We are not persuaded by defendant's argument that County Court committed reversible error by providing the jury with an annotated verdict sheet during the court's charge. We note that defense counsel initially objected to the use of any annotations on the verdict sheet. Although an annotated verdict sheet was ultimately utilized, defense counsel reviewed the annotations, requested that certain changes be made to the annotations, which County Court accepted, and consented to the final version of the annotated verdict sheet provided to the jury (see People v Angelo, 88 NY2d 217, 224 [1996]; People v McCloud, 121 AD3d 1286, 1290 [2014], lv denied 25 NY3d 1167 [2015]).[FN*] We further conclude that the annotations did not run afoul of CPL 310.20 (2) and that they were "appropriately included . . . so that the jury could distinguish the submitted counts" (People v Lewis, 23 NY3d 179, 187 [2014]).
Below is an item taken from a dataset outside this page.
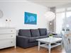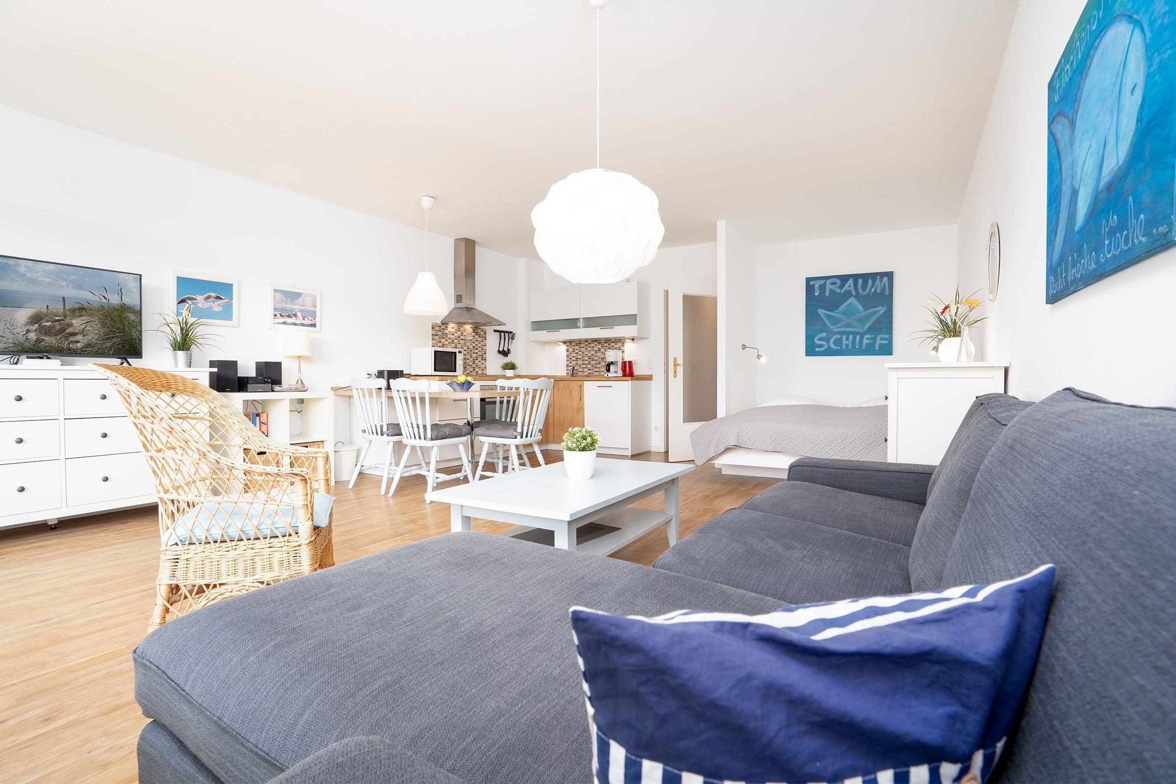 Der helle und geräumige Wohn-/Schlafbereich mit gemütlicher Couch und Flachbild-TV bildet das Zentrum dieser charmanten Ferienwohnung. Treten Sie von hier auch hinaus auf Ihren eigenen möblierten Balkon und freuen sich über die frische Ostseeluft. In der zum Wohnbereich offenen Küche können Sie sich Ihre Mahlzeiten zubereiten und am angrenzenden Esstisch gemeinsam einnehmen. Zur Nacht können Sie es sich im großen Doppelbett (2 x 100x200 cm) bequem machen. Ein weiteres Schlafzimmer verfügt über 2 Einzelbetten (je 90x190cm) und das moderne Duschbad sorgt für einen gelungenen Start in den Tag.

Nor do we find merit in defendant's argument that the annotations in the verdict sheet materially differed from the court's oral instructions.
To that end, defendant was not denied the effective assistance of counsel because his counsel ultimately consented to the annotations on the verdict sheet (see People v O'Kane, 30 NY3d 669, 672-673 [2018]). Furthermore, on this record, defense counsel's failure to argue that the search warrant was not supported by probable cause or to object to the admission of certain evidence did not constitute deficient representation (see People v Garcia-Toro, 155 AD3d 1086, 1089-1090 [2017]; People v Ackerman, 141 AD3d 948, 950 [2016], lv denied 28 NY3d 1181 [2017]; People v Bowman, 139 AD3d 1251, 1253 [2016], lv denied 28 NY3d 927 [2016]). Defendant's other grievances with how his counsel represented him concern trial strategies; "[t]hat the strategy failed or that in hindsight a different strategy would have been better is insufficient to establish ineffective assistance" (People v Vecchio, 228 AD2d 820, 821 [1996]; see People v Henry, 129 AD3d 1334, 1336 [2015], lv denied 26 NY3d 930 [2015]). Defendant's remaining contentions, to the extent not specifically discussed herein, have been examined and lack merit.
Garry, P.J., McCarthy, Mulvey and Pritzker, JJ., concur. Ordered that the judgment is affirmed.